Cell phones – bad for baby?

Thursday, February 18th, 2010

cell-phonePeriodically we hear concern about the impact that radiation from cell phones may have on our health. There are a few conflicting studies and the bottom line is we don’t know much.

A study from Denmark published in 2008 showed an association between prenatal and (to a lesser extent) postnatal exposure to cell phones and behavioral problems in children aged 7 years.  The percentage of children with related behavioral problems, though, was small.

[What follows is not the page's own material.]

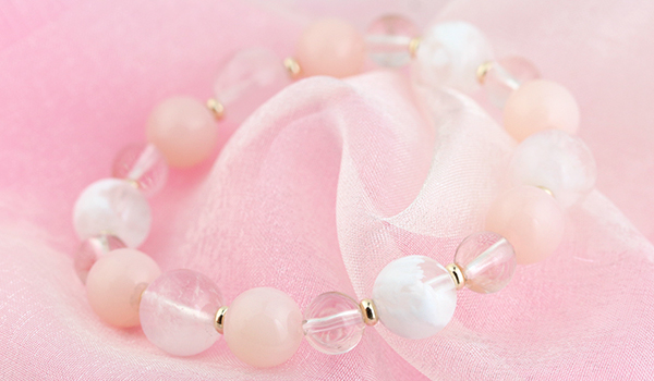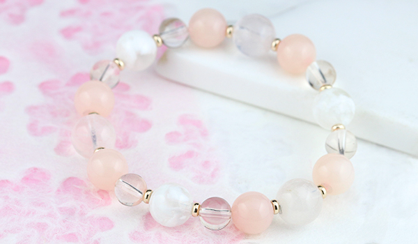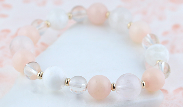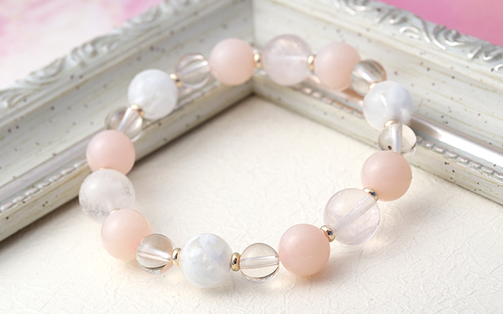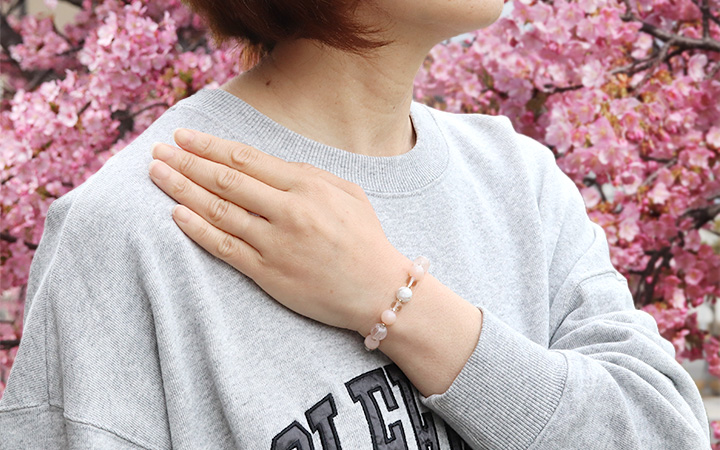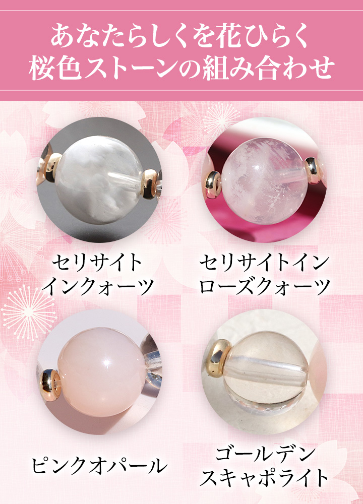 という四種類のパワーストーンを使用した、桜の季節に良く似合う春色カラーのブレスレットです。

And now a recently released study in Spain showed only small differences in the neurodevelopment scores of children exposed to cell phones while still in the womb. The babies exposed to cell phones had higher mental development scores and lower psychomotor development scores (muscular activity associated with mental thought).  The conclusion of this study is that there is not much evidence that a pregnant woman using her cell phone will have a negative effect on the early nervous system development of her baby.

So, it remains unclear whether there is any adverse effect of prenatal exposure to cell phones on fetal development and children’s behavior. With the rapidly increasing use of cell phones in adults and even young children, it is important for additional studies to determine the possible effects of cell phone use. Studies need to examine the higher exposures received by the child’s brain compared with the adult brain; and the vulnerability of the developing central nervous system into the teen years.

In the meantime, pregnant women can limit their cell phone use and parents can limit their children’s cell phone use as well as avoid talking on a cell phone when a child is around until more studies can be done.